# Nowt so queer as Yorkshire folk



## motormouth (Jul 3, 2010)

1. Bloke from Barnsley with piles asks chemist, "Nah then lad, does tha
sell arse cream?"
Chemist replies, "Aye, Magnum or Cornetto"

2. Police have just released details of a new drug craze that is
being
carried out in Yorkshire nightclubs.
Apparently, Yorkshire club goers have started injecting Ecstasy just
above their front teeth.
Police say the dangerous practice is called "E by gum"

3. A Yorkshireman takes his cat to the vet.
Yorkshireman: "Ayup, lad, I need to talk to thee about me cat."
Vet: "Is it a tom?"
Yorkshireman: "Nay, I've browt it we us."
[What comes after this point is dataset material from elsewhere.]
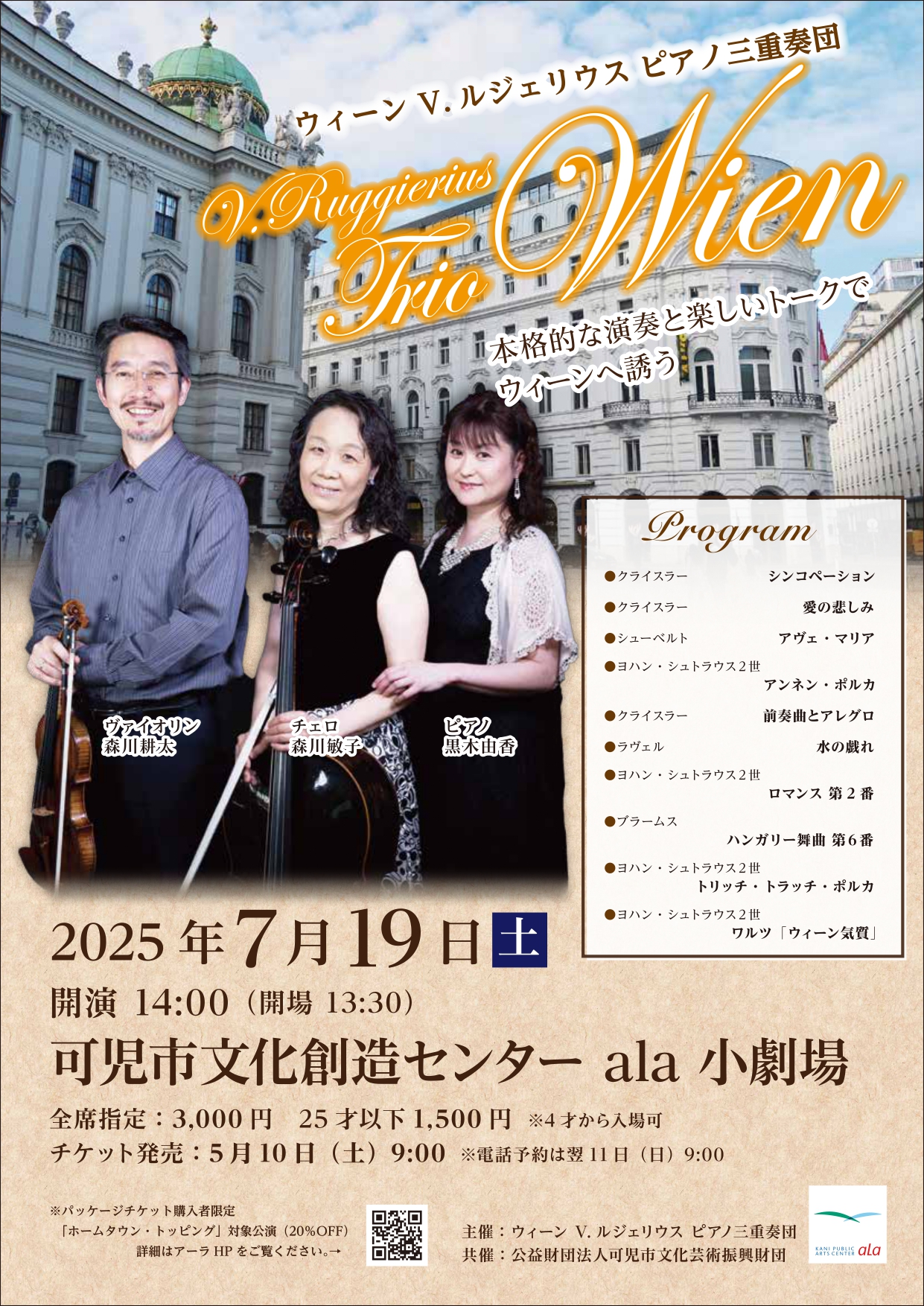 ウィーンで出会った3人が本場ウィーン仕込みの息の合った演奏と楽しいトークで素敵なひとときをお届けします。

4. A Yorkshireman's dog dies and as it was a favourite pet, he
decides
to have a gold statue made by a jeweller to remember the dog by.
Yorkshireman: "Can tha mek us a gold statue of yon dog?"
Jeweller: "Do you want it 18 carat?"
Yorkshireman "Nay, yer daft bugger, I want it chewin a bone!"


----------



## robinpompey (May 7, 2011)

sat here feeling sorry for my self and these made me feel a lot better.


----------



## KeithChesterfield (Mar 12, 2010)

Yorkshire folk queer?

Smarrerweeim? - eez noburra babbi 'cos eenose nowt abartit!

:wav: :wav: :wav:


----------



## duxdeluxe (Sep 2, 2007)

Absolutely dreadful jokes........... got any more like that? Really made me laugh and helped make a dull afternoon just a little bit better :lol:


----------



## aldra (Jul 2, 2009)

Yorkshire folk are definitely queer

closely followed by lancashire folk

but then again

all worlds queer cept thou and me

and even thou's a bit queer :lol: :lol:

Aldra


----------



## babyrhino (Oct 19, 2006)

What do you call a female toad?

T'owd lass


----------



## bigbazza (Mar 6, 2008)

aldra said:


> Yorkshire folk are definitely queer
> 
> closely followed by lancashire folk
> 
> ...


 I never thought of you like that, and you a lassie from Lancashire 8O :? 8O :?


----------



## aldra (Jul 2, 2009)

Bigbazza

definitely Queer

and loving it :lol: :lol: :lol:

not stupid though   

Aldra


----------